1. ## poisson and negative binomial

If X has Poisson distribution with the mean of 2.3, Y has Negative Binomial
distribution with p = 0.62 and k = 4, and X and Y are independent,
find Pr(X + Y > 5).
Hint: Use probability generating function.

I would usually fill in on what I have tried so far, but even with the hint here I can't seem to get started. Any help is appreciated

2. Originally Posted by chrisc
If X has Poisson distribution with the mean of 2.3, Y has Negative Binomial
distribution with p = 0.62 and k = 4, and X and Y are independent,
find Pr(X + Y > 5).
Hint: Use probability generating function.

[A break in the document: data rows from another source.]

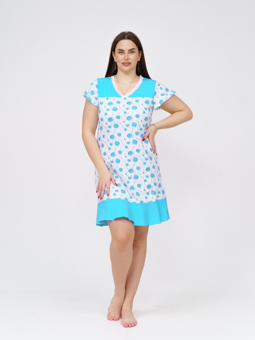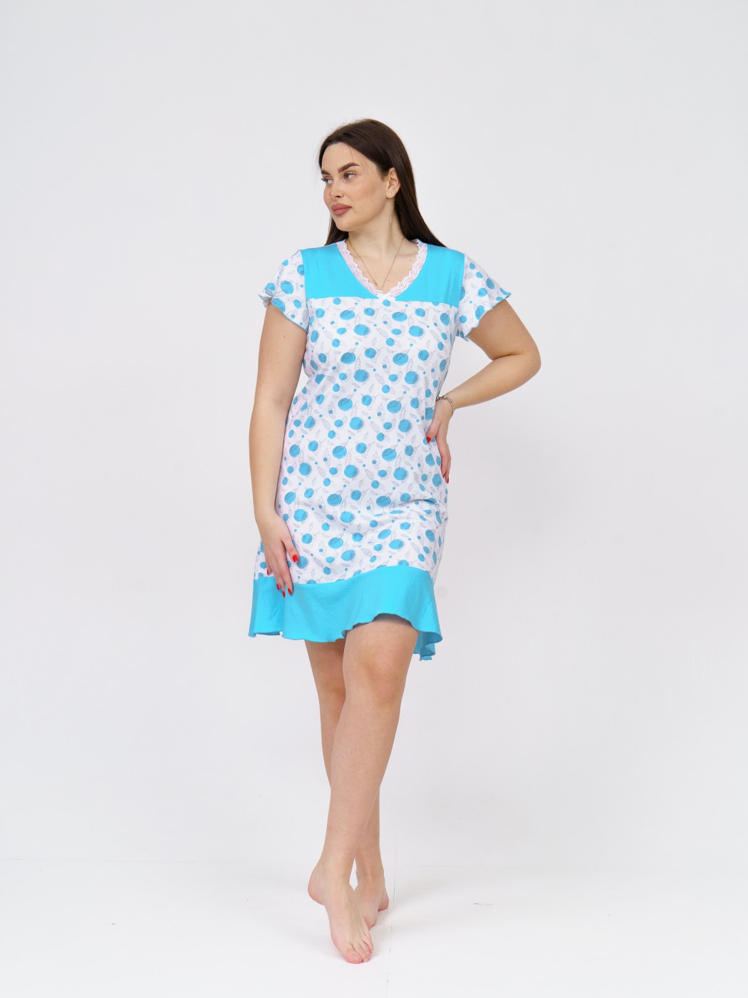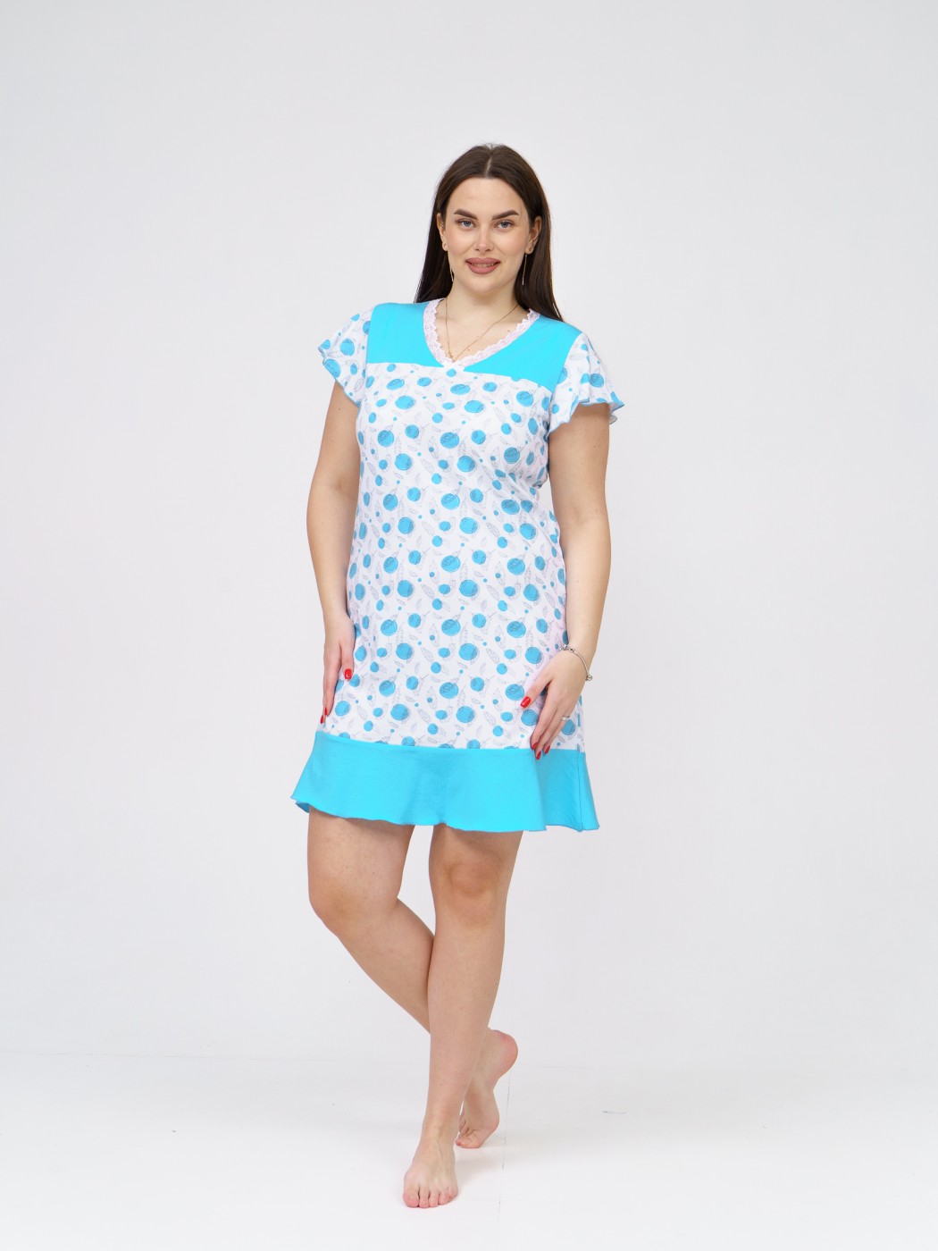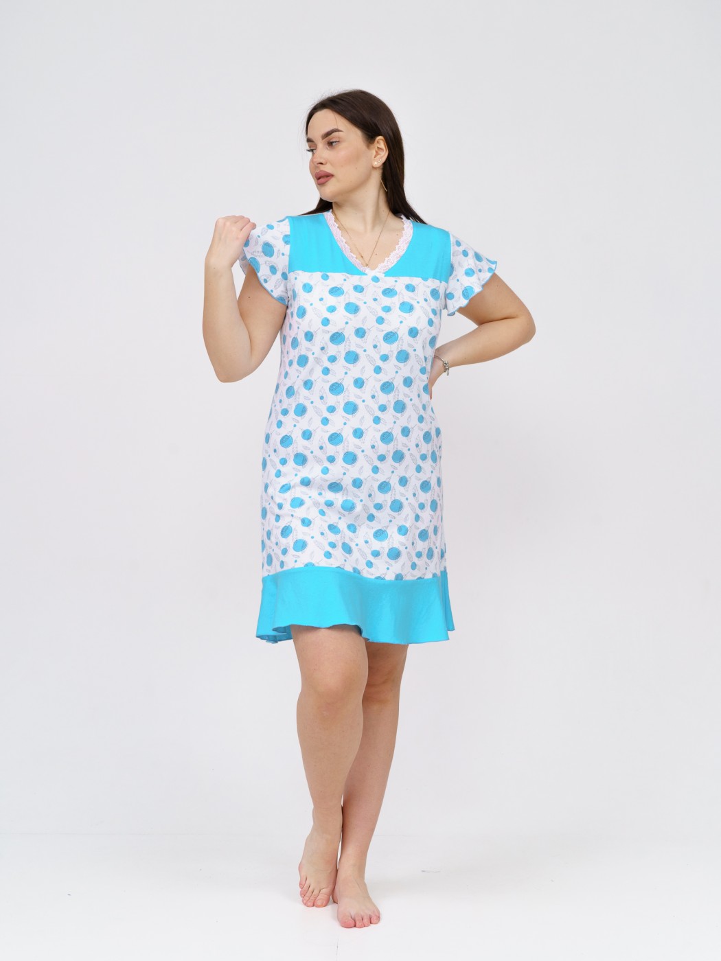Ночная сорочка Астра Крыло белый/бирюза горох
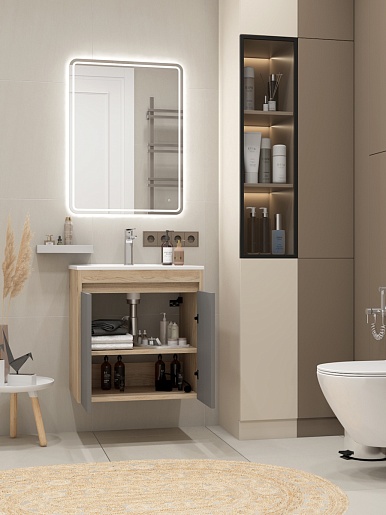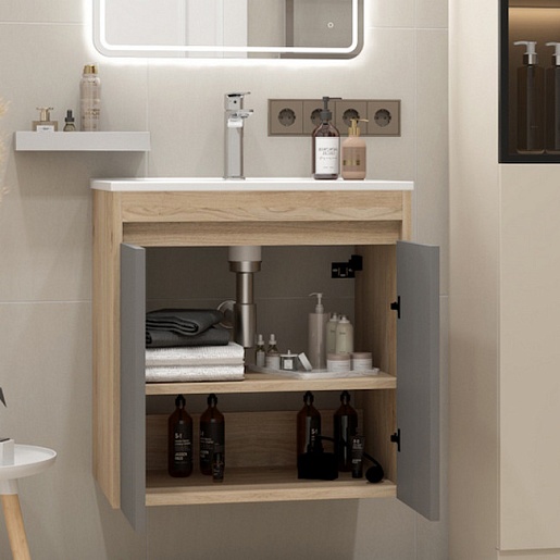 Тумба под раковину Netta 60 подвесная без фасада дуб
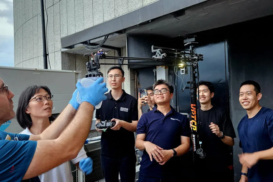 NParks said the peregrine eggs were retrieved with the help of robotics researchers from SUTD, who opted to use a device consisting of a telescopic pole and a claw controlled by cables on the ground
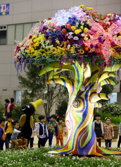 봄꽃 모자 쓴 나무  27일 광주 김대중컨벤션센터에서 열리는 ‘2014 광주 봄꽃박람회’를 미리 찾은 어린이들이 꽃으로 장식한 나무 조형물을 둘러보고 있다. ‘꽃과 생활 그리고 힐링’을 주제로 28일부터 다음 달 6일까지 열리는 박람회에선 물빛정원, 꽃향기 텃밭공연, 숲속의 작은 학교, 장미정원, 시민참여마당 등이 선보인다.<br>광주 연합뉴스
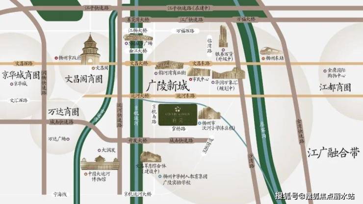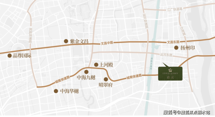 文昌·启元项目择址广陵城芯,运河沿岸。文昌路和城南快速路一北一南,双轴交辉。
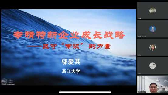 在本次论坛中,邬教授结合浙江省专精特新典型企业的成长案例分析,和我们深度分享了专精特新企业的成长动因,剖析了专精特新企业的五大绩效表现,重点解析了专精特新企业的八大成长路径,主要聚焦在坚定使命、聚焦主业、稳中求新、稳健经营、人才稳定、引领行业、深耕国内外市场等多方面做了详细阐述。
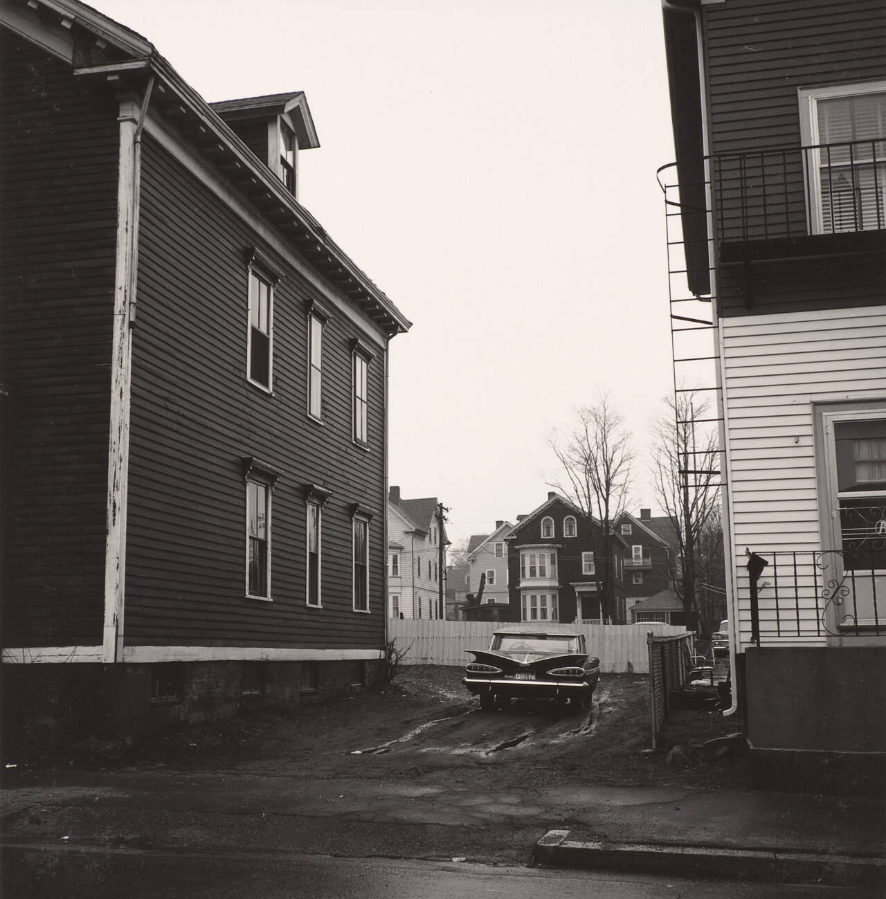 DescriptionImage of a car parked in a muddy area between two multi-story residential buildings. The car faces a white wooden fence which overlooks other homes and two bare trees.Copyright© The Estate of Harry Callahan. Courtesy Pace Gallery, New York.
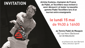 Jérémy Scatena, champion de France et Technifibre vous invitent à venir découvrir et tester la nouvelle gamme Padel…
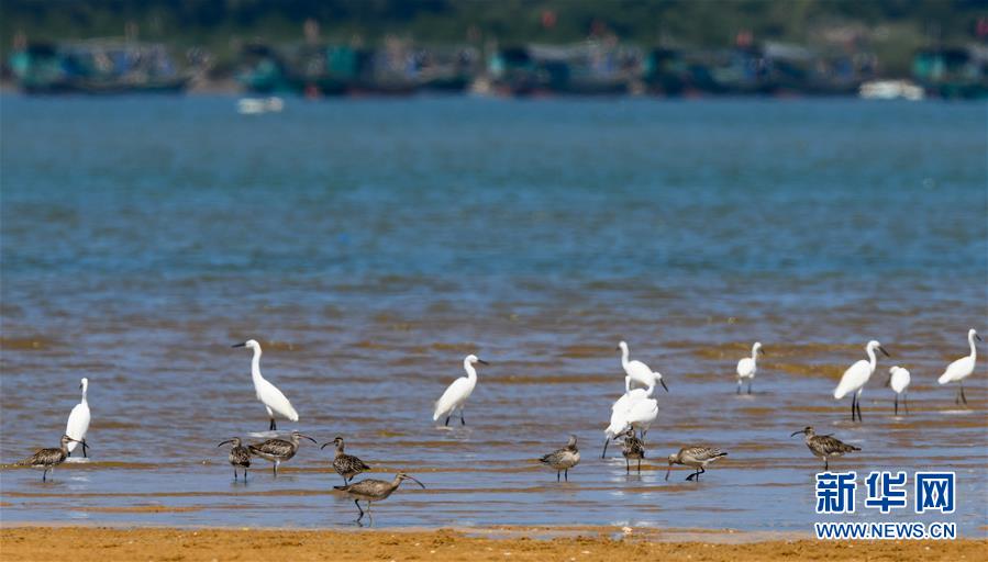 10月12日,一群鹭鸟和中杓鹬在光村银滩的滩涂上觅食。新华社记者 杨冠宇 摄

I would usually fill in on what I have tried so far, but even with the hint here I can't seem to get started. Any help is appreciated
Let $U = X + Y$. Note that $U = 4, 5, 6, \, ....$

$\Pr(U > 5) = 1 - \Pr(U \leq 5) = 1 - \Pr(U = 4) - \Pr(U = 5)$.

Let $g_U(s)$ be the pgf of U.

Then $g_U(s) = g_X(s) \cdot g_Y(s)$ (since X and Y are independent) where $g_X(s)$ is the pgf of X and $g_Y(s)$ is the pgf of Y.

And you should know that $g_X^{(n)}(0) = n! \Pr(U = n)$.

3. Originally Posted by mr fantastic
Let $U = X + Y$. Note that $U = 4, 5, 6, \, ....$

$\Pr(U > 5) = 1 - \Pr(U \leq 5) = 1 - \Pr(U = 4) - \Pr(U = 5)$.

Let $g_U(s)$ be the pgf of U.

Then $g_U(s) = g_X(s) \cdot g_Y(s)$ (since X and Y are independent) where $g_X(s)$ is the pgf of X and $g_Y(s)$ is the pgf of Y.

And you should know that $g_X^{(n)}(0) = n! \Pr(U = n)$.
Perhaps an easier way (but not using the pgf) would be to note that

$\Pr(U = 4) = \Pr(X = 0) \cdot \Pr(Y = 4)$

$\Pr(U = 5) = \Pr(X = 0) \cdot \Pr(Y = 5) + \Pr(X = 1) \cdot \Pr(Y = 4)$

since X and Y are independent.